On Mon, Oct 24, 2011 at 7:46 AM, Heikki Linnakangas
<heikki.linnakangas@enterprisedb.com> wrote:

Thanks! Here's an updated version of the patch, fixing that, and all the
other issues pointed out this far.

I extracted the code that sets oid and tuple headers, and invokes the
toaster, into a new function that's shared by heap_insert() and
heap_multi_insert(). Tom objected to merging heap_insert() and
heap_multi_insert() into one complicated function, and I think he was right
on that, but sharing this code to prepare a tuple still makes sense. IMHO it
makes heap_insert() slightly more readable too.

Hi Heikki,

Thanks for this patch. Doing bulk copies in parallel for me is now
limited by the IO subsystem rather than the CPU.

This patch, commit number d326d9e8ea1d69, causes fillfactor to be
ignored for the copy command. Is this acceptable collateral damage?

This can be seen by using "pgbench -i -s50 -F50" to create the table
combined with and select
pg_size_pretty(pg_table_size('pgbench_accounts')), or by using the
relation_free_space extension to pageinspect proposed elsewhere.

Thanks,

Jeff

#23Jeff Janes
jeff.janes@gmail.com
In reply to: Jeff Janes (#22)
1 attachment(s)
Re: Inserting heap tuples in bulk in COPY

On Fri, Nov 25, 2011 at 12:53 PM, Jeff Janes <jeff.janes@gmail.com> wrote:

Hi Heikki,

Thanks for this patch.  Doing bulk copies in parallel for me is now
limited by the IO subsystem rather than the CPU.

This patch, commit number d326d9e8ea1d69, causes fillfactor to be
ignored for the copy command.  Is this acceptable collateral damage?

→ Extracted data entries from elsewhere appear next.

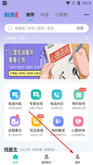 1、打开有来医生APP,点击底部导航栏的我的选项,进入个人页面。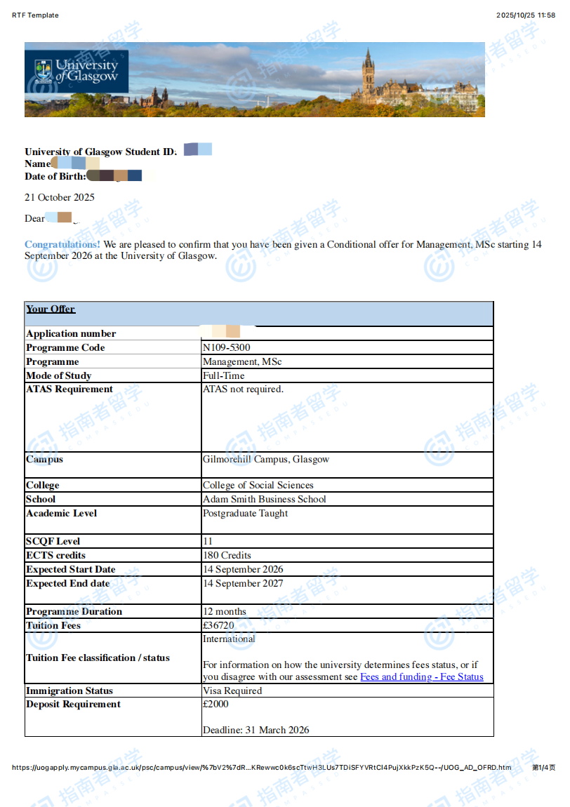 格拉斯哥大学管理学理学硕士研究生offer一枚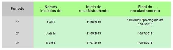 Regras recadastramento
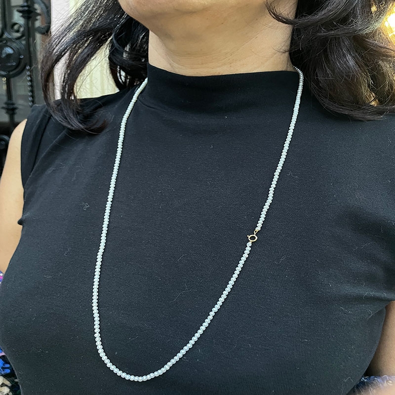 Collar de perlas blancas cultivadas con forma redonda de 5,5 mm y cierre de rombo en oro amarillo y blanco de primera ley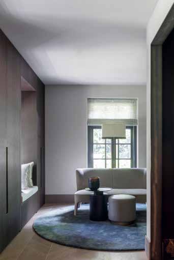The front bedroom has its own seating area, including a Wolterinckdesigned fauteuil and ottoman from Cervino in stone-washed leather. A kitchenette is secreted in a niche so that guests may make coffee in the morning while enjoying the view. The bedrooms are made private with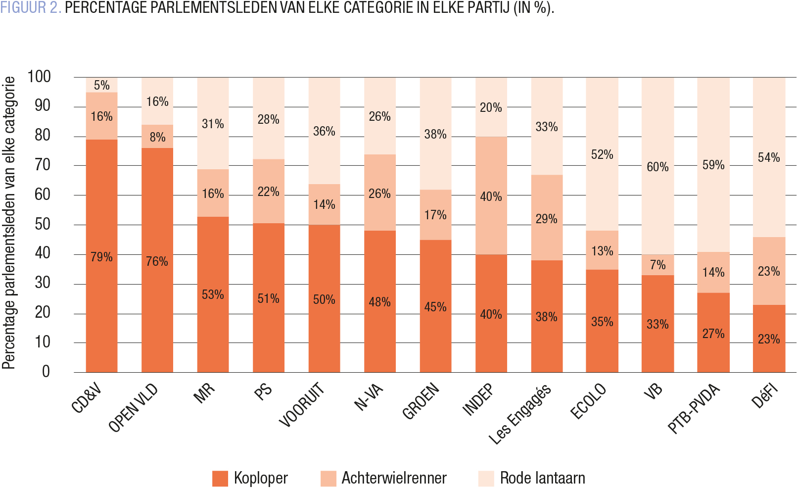 Laten we nu dieper ingaan op deze categorieën. FIGUUR 2 toont aan dat het percentage parlementsleden van elke partij in elke categorie sterk verschilt. CD&V en Open VLD zijn de partijen met de meeste koplopers. De top 3 bestaat uit CD&V (79%), Open VLD (76%) en MR (53%). Ecolo, DéFI, PTB-PVDA en Vlaams Belang tellen de meeste rode lantaarns – zij die niet echt succes hebben op sociale media.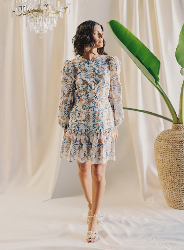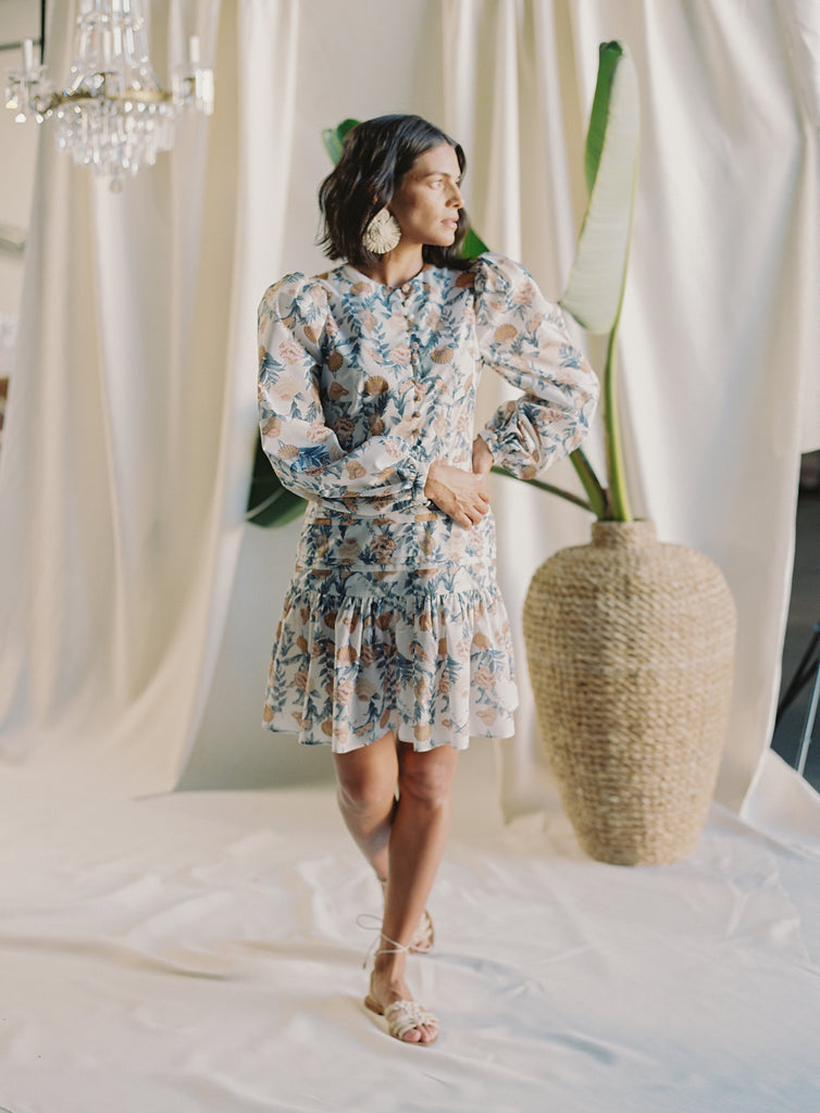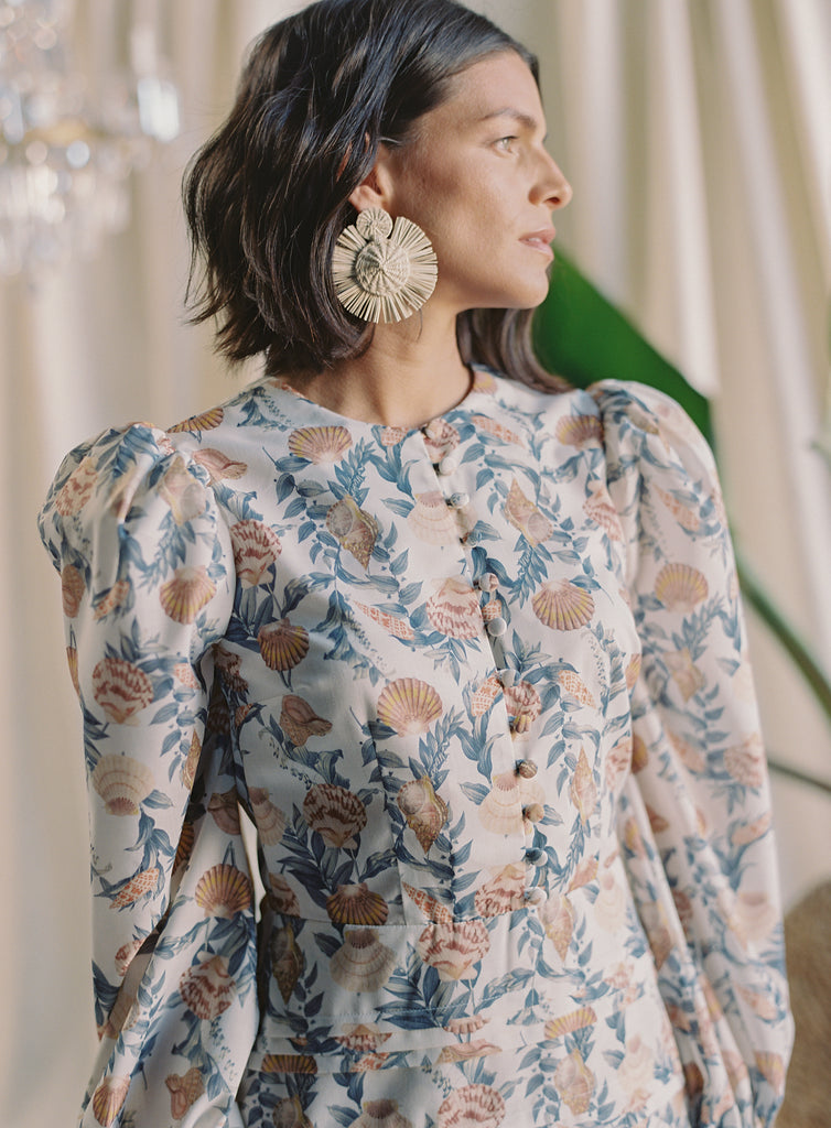 La playa is an enchanting cotton dress with a pleated skirt in our signature print sea shell flora print. The covered buttons are a charming detail, and the zipper in the back provides an ease of use.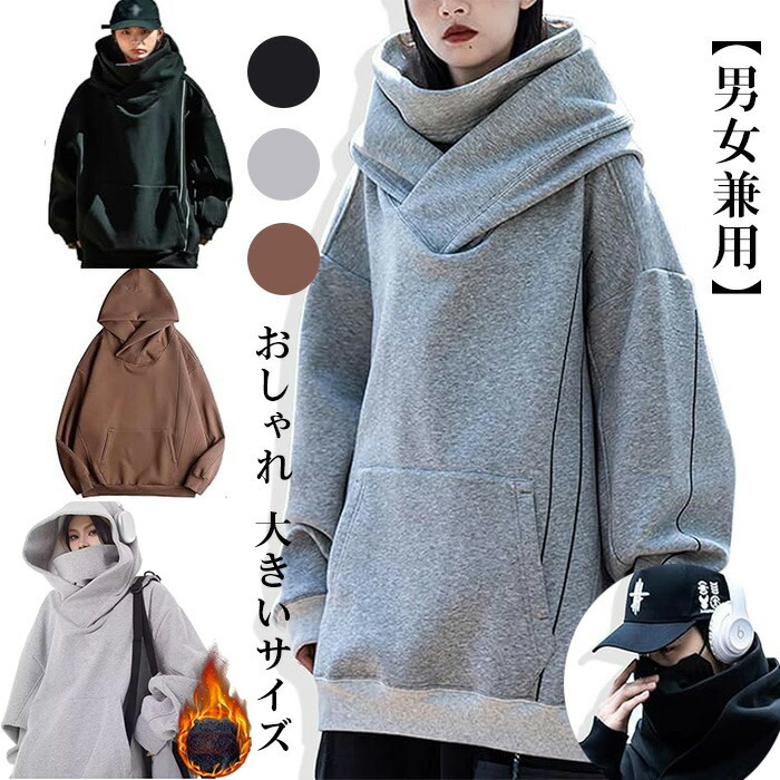 ボリュームネックパーカー カップル パ レディースファッション 早い者勝ち ブラック グレー ブラウン M L XL 2XL 3XL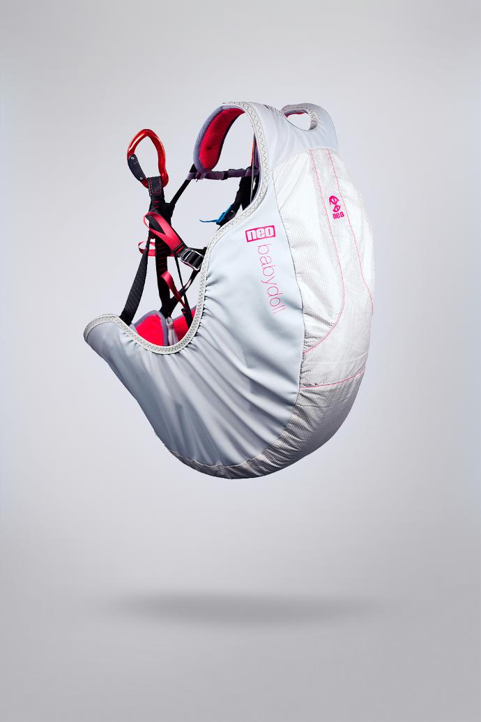 La Babydoll est la première création pour enfant de NEO. Elle a été conçue pour le biplace, le gonflage et même le vol. Cette véritable sellette de parapente passe les mêmes processus d’homologation que les sellettes adultes et obtient une certification EN avec une protection mousse homologuée CE.

Having looked into it a little bit, I think this might be an acceptable fix.

Cheers,

Jeff

Attachments:

bulkwal_copy_1.patchapplication/octet-stream; name=bulkwal_copy_1.patchDownload
diff --git a/src/backend/access/heap/heapam.c b/src/backend/access/heap/heapam.c
index 72ed632..88bb5e3 100644
--- a/src/backend/access/heap/heapam.c
+++ b/src/backend/access/heap/heapam.c
@@ -2096,6 +2096,8 @@ heap_multi_insert(Relation relation, HeapTuple *tuples, int ntuples,
 	char	   *scratch = NULL;
 	Page		page;
 	bool		needwal;
+	Size	saveFreeSpace = RelationGetTargetPageFreeSpace(relation,
+										HEAP_DEFAULT_FILLFACTOR);
 
 	needwal = !(options & HEAP_INSERT_SKIP_WAL) && RelationNeedsWAL(relation);
 
@@ -2157,7 +2159,7 @@ heap_multi_insert(Relation relation, HeapTuple *tuples, int ntuples,
 		{
 			HeapTuple	heaptup = heaptuples[ndone + nthispage];
 
-			if (PageGetHeapFreeSpace(page) < MAXALIGN(heaptup->t_len))
+			if (PageGetHeapFreeSpace(page) - saveFreeSpace < MAXALIGN(heaptup->t_len))
 				break;
 
 			RelationPutHeapTuple(relation, buffer, heaptup);
#24Heikki Linnakangas
heikki.linnakangas@enterprisedb.com
In reply to: Jeff Janes (#23)
Re: Inserting heap tuples in bulk in COPY

On 25.11.2011 23:32, Jeff Janes wrote:

On Fri, Nov 25, 2011 at 12:53 PM, Jeff Janes<jeff.janes@gmail.com> wrote:

Thanks for this patch. Doing bulk copies in parallel for me is now
limited by the IO subsystem rather than the CPU.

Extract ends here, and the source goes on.